Надо отметить, что Агриппина Павловна была весьма героической женщиной. Она воспитывала Ричарда лет с одиннадцати, заботилась о нем и фактически заменила ему мать. Долго она сопротивлялась их союзу, считая Яну особой взбалмошной и ненадежной, но потом все же приняла. Маленький Вова растопил последние льдинки в ее сердце, и когда брак Яны и Ричарда распался, женщина с жертвенной готовностью последовала за Яной с сыном, посчитав, что им она нужнее, чем сорокалетнему Ричарду. Чего ей стоил такой поступок, знала только она одна, но Яна ценила его и очень любила Агриппину Павловну. Яна знала, что домоправительница в глубине души надеется на то, что ее союз с Ричардом восстановится, и очень жалела Агриппину Павловну, так как чувствовала, что исполнение ее мечты вряд ли возможно. Ведь уже давно ее душу пожирал огонь любви совсем к другому человеку, и ей было все равно, есть ли у него титул, замок и деньги, ей был нужен Карл, и только он. Казалось, что ее карма совпала с кармой этого человека, что они как бы специально вознаграждены в этой жизни за что-то и рождены друг для друга.

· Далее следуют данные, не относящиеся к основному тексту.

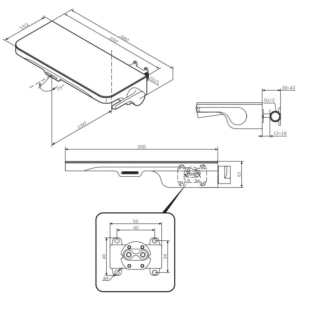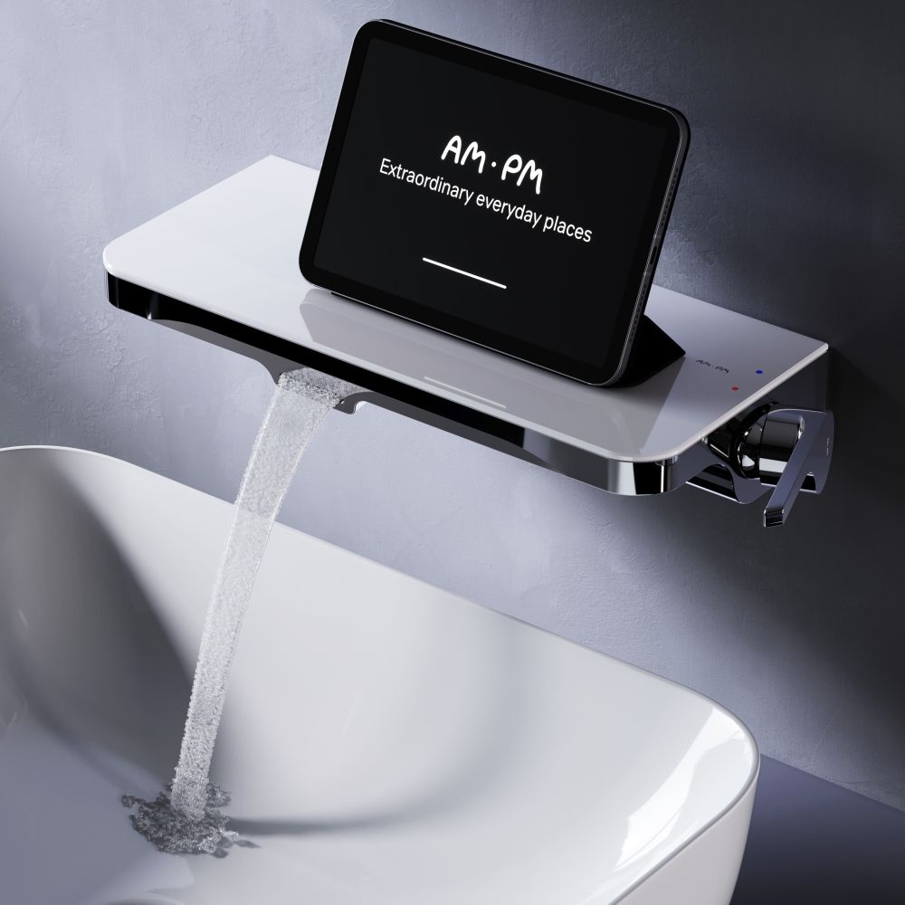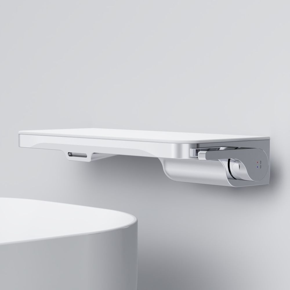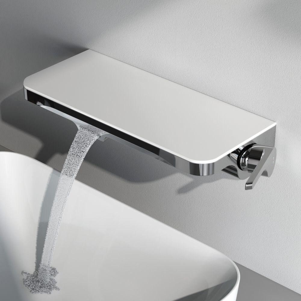 Еще больше полезного пространства: смеситель выполнен в виде вместительной полочки. Внушительный размер полки (35 см) позволяет хранить все любимые средства под рукой а эстетичный силуэт станет настоящим украшением современной ванной комнаты.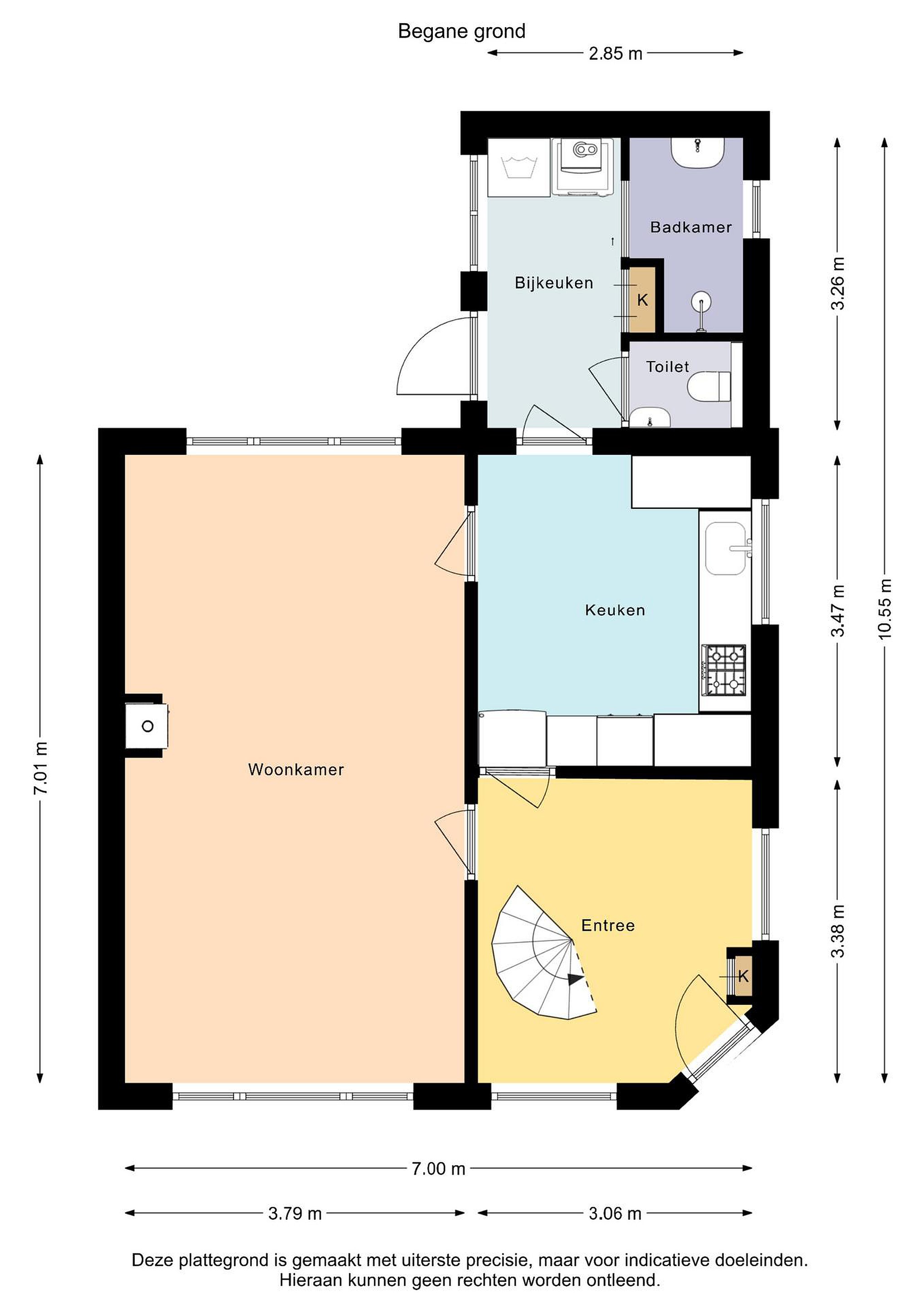 Begane grond entree/hal met trapopgang, lichte woonkamer met balkenplafond en houtkachel, gesloten keuken voorzien van inbouwapparatuur zoals; gasfornuis met afzuigkap, combi-oven en vaatwasser. Bijkeuken met witgoedaansluiting, cv-opstelling, toilet met fontein en badkamer met wastafel en douche.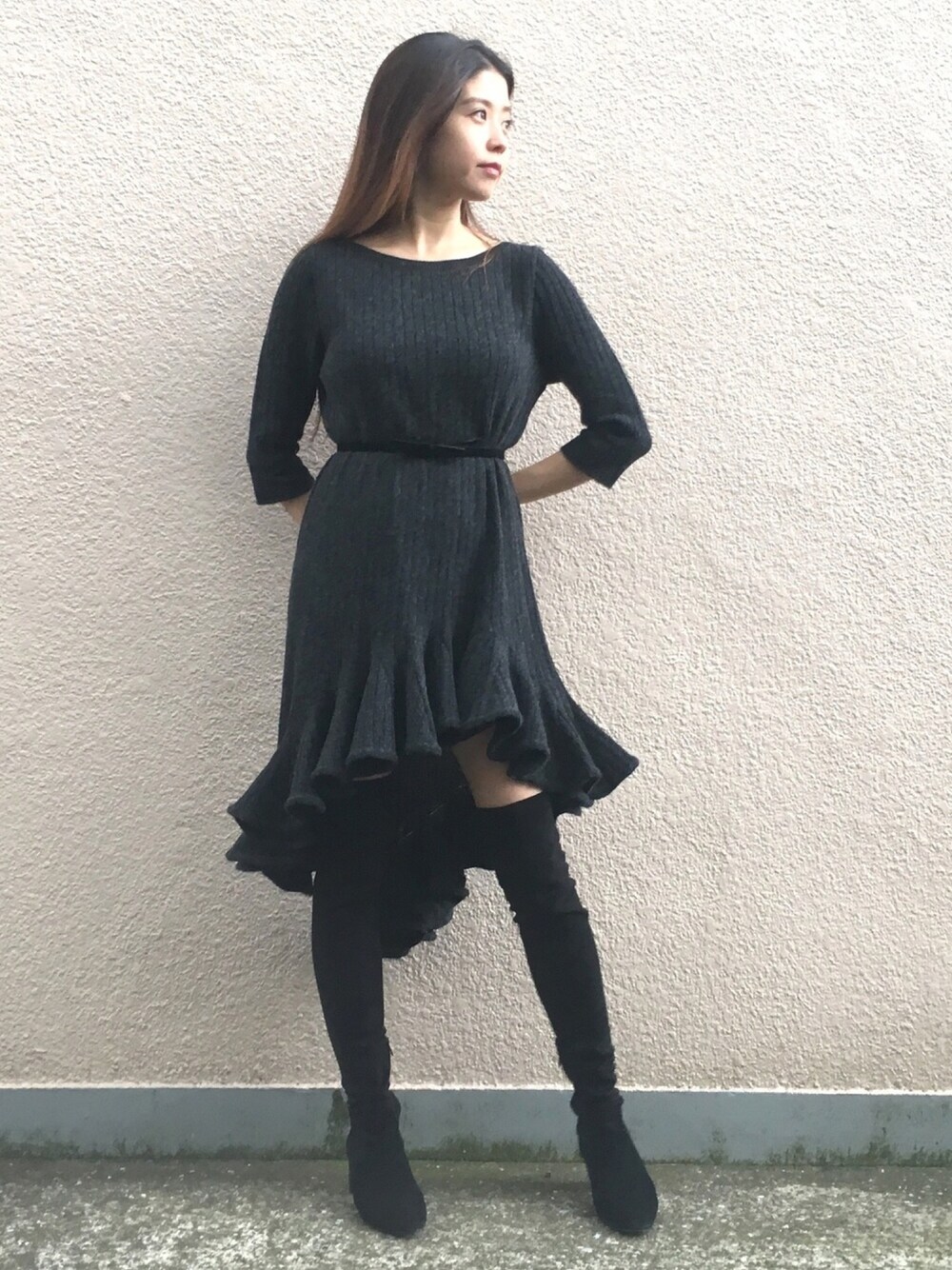 chieのブーツ「スエードニーハイブーツ 」を使ったコーディネート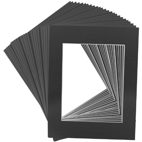 US Art Supply Art Mats Brand Premier Acid-Free Pre-Cut 16x20 Black Picture Mat Matte Face Frames. Includes a Pack of 25 White Core Bevel Cut Matte Frames for 11x14 Photos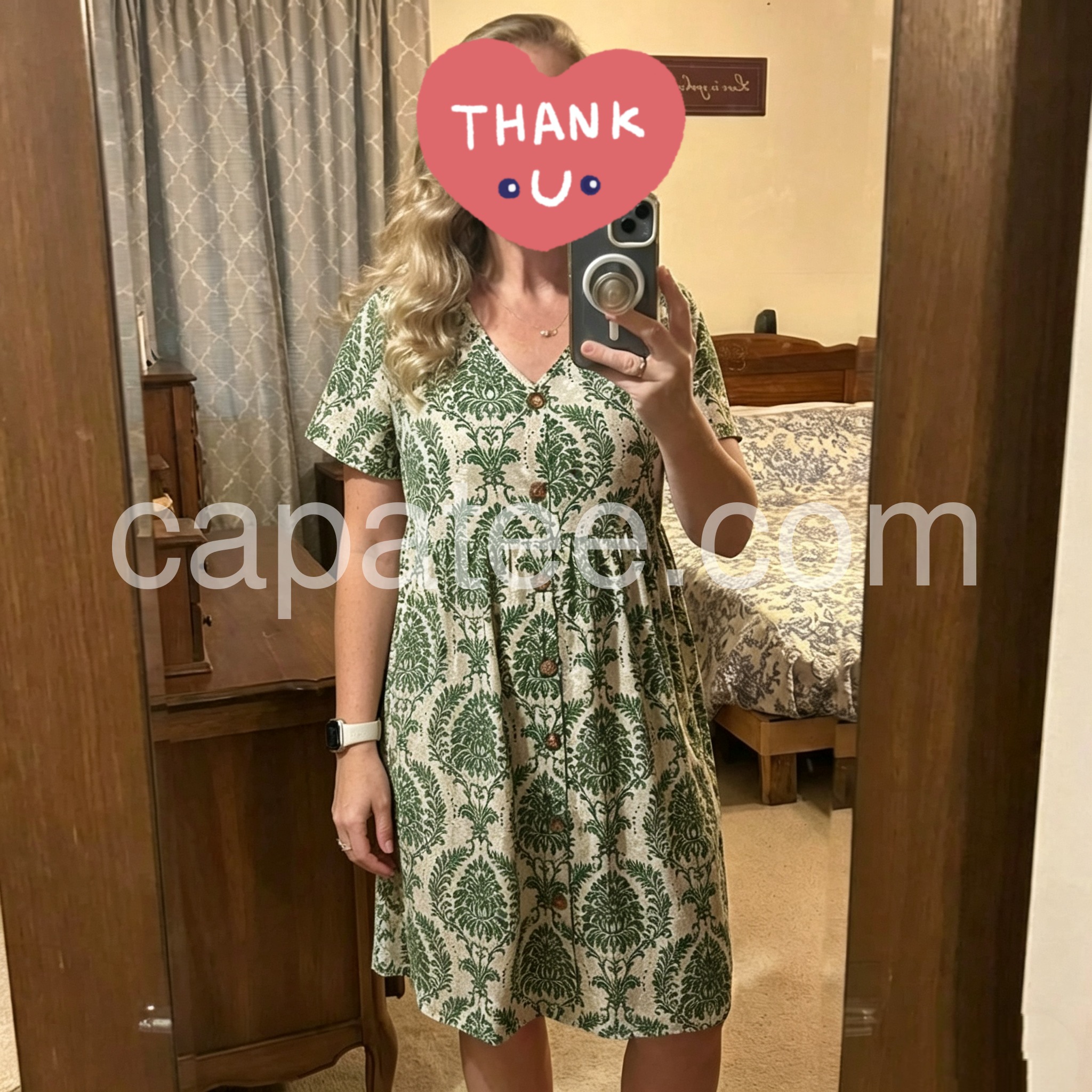 This dress brings vintage-inspired charm to everyday wear. The rich green damask print feels unique and elegant, while the relaxed A-line silhouette skims over curves. The loose fit avoids clinging to midsection areas, making it ideal for casual wear.

Обстановка в комнате Яны была соответствующей: розовые шторы, тюль цвета снега в красное сердечко, широченная кровать под розовым покрывалом с золотыми кисточками, огромное трюмо, заставленное всевозможными баночками, скляночками, духами в пузырьках. Одних помад в красивых тюбиках валялось здесь штук двадцать.
Большой зеркальный шкаф с раздвижными дверями не вмещал и малой толики вещей, что были у Яны. Груды ее яркой одежды хранились также и в коттедже Ричарда. Некоторые вещи так и остались ненадеванными, а просто с этикетками складывались в шкаф. Иногда Яна с удивлением находила ту или иную одежду в своем гардеробе и не могла вспомнить, по какому случаю и где она ее приобрела. Иногда Цветкову одолевало желание освободить недра шкафа от ненужных вещей, и она охапками раздавала их направо и налево друзьям, знакомым и коллегам по работе. Правда, не всем подходил размер — Яна, напомним, была худой и высокой, — и женщины брали одежду своим дочкам. Вот так во всем Яна была небережливая и какая-то непутевая. Не готовила, не шила, не вязала, не вела хозяйство в нормальном понимании этого слова. Была занята работой и ввязывалась во всякие странные дела, частенько с криминальной подоплекой, причем такие дела как бы сами находили ее. Она постоянно помогала чужим людям, решала их личные проблемы и бытовые споры.
Придя в свою комнату, Яна разделась, облачилась в широкую розовую шелковую пижаму и легла в постель.
Агриппина Павловна осторожно приоткрыла дверь и снова повторила вопрос:
— Кушать будешь?
Готовила она как профессиональный повар, а уж по части выпечки домоправительнице впору было вручать Нобелевскую премию. В большинстве своем забота этой немногословной и грубоватой женщины по отношению к другим людям сводилась к тому, чтобы посытнее и повкуснее накормить их.
— Сытый, значит, уже не помрет, — говорила Агриппина Павловна, и поспорить с ней было сложно.
Яне постоянно приходилось впихивать через силу в себя всевозможные плюшки, булочки и ватрушки. Сама природа сжалилась над ней, и, несмотря на поглощение огромного количества пищи, содержавшей углеводы, она оставалась худой, как спица. Отказаться от приготовленных Агриппиной Павловной кушаний было равносильно оскорблению, но на сей раз Яна на такое осмелилась.
— Чай? Кофе? — с угрозой в голосе спросила Агриппина Павловна.
— Нет, ничего не хочу, — ответила Яна и отвернулась к стенке.
Агриппина Павловна ушла, весьма озадаченная, но через час повторила свою попытку накормить или напоить Яну. Та лежала с совершенно отсутствующим взглядом и отказывалась от всего.